In this study, we obtained three important results from the survey involving patients with COVID-19 who were admitted in two hospitals: 1) we have experienced two waves of COVID-19 to date, probably due to the effect of the declaration of a state of emergency; 2) when we compared the clinical characteristics of patients between the three periods, the rate of Patients/Facilities Users was higher in period 2 and 3 compared to period 1. In addition, the number of Healthcare Providers was higher in period 2 compared to period 1 and 3, and they were younger and predominantly female; 3) Older age was significantly associated disease severity, longer duration of admission, and all of the patients who died were over 60 years old.
To our knowledge, there is currently nowhere in the world where the COVID-19 pandemic has occurred in two waves. An outbreak of COVID-19 started in Sapporo city ahead of other areas in Japan, likely due to a large event that took place at the beginning of February. The declaration of a state of emergency following the first outbreak may have prevented another outbreak wave as shown clearly in Fig. 1A and B. Although the exact effect of this declaration is unclear, considering the subsequent lock-down (as in other countries) [5,6], our measures may have inhibited further outbreaks to some extent.
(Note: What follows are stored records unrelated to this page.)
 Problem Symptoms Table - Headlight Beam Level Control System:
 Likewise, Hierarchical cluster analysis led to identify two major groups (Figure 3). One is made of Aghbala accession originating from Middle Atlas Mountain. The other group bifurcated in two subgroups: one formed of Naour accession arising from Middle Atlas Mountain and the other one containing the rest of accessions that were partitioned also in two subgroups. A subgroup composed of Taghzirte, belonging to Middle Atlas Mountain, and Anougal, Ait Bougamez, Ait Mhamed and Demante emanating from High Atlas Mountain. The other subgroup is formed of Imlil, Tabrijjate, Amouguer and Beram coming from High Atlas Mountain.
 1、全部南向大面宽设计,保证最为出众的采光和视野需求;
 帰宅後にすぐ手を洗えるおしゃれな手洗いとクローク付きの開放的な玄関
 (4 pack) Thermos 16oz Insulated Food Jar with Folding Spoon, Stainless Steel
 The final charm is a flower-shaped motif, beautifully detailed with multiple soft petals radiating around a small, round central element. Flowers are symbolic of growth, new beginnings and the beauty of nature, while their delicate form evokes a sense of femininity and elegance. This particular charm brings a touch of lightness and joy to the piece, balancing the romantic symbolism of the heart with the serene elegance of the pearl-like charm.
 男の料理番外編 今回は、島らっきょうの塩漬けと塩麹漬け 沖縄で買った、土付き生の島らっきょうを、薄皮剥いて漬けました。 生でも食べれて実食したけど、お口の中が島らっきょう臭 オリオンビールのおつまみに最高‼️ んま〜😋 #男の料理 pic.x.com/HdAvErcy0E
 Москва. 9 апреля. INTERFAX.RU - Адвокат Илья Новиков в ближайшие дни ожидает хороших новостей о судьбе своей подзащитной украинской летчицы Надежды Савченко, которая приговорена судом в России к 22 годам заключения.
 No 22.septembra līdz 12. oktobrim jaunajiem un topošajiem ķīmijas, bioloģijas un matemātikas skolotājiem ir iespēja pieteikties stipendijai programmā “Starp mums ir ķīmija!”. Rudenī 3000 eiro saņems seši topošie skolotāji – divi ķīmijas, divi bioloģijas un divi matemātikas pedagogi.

Of note, the clinical features of patients in these three study periods were different. The median age was highest in period 3, and the moderate/severe cases increased in the latter period, probably due to the satisfactory accommodation facilities in Sapporo. The duration from disease onset to admission was short in period 3, probably due to the increase in PCR testing for the extensive survey of subjects with a high-risk contact. Since the second wave occurred mainly in medical facilities, many elderly individuals were included in this period, resulting in a high number of deads. While many Healthcare Providers were also infected in period 2, there have fortunately been no fatalities. However, Suarez-Garcia had reported that healthcare workers who were infected with COVID-19 had less comorbidities, and most of them had a mild clinical course, requiring long periods of sick leaves [7]. We should pay attention to the increase in workload and the additional stress on the already overworked staff who remain in the hospital.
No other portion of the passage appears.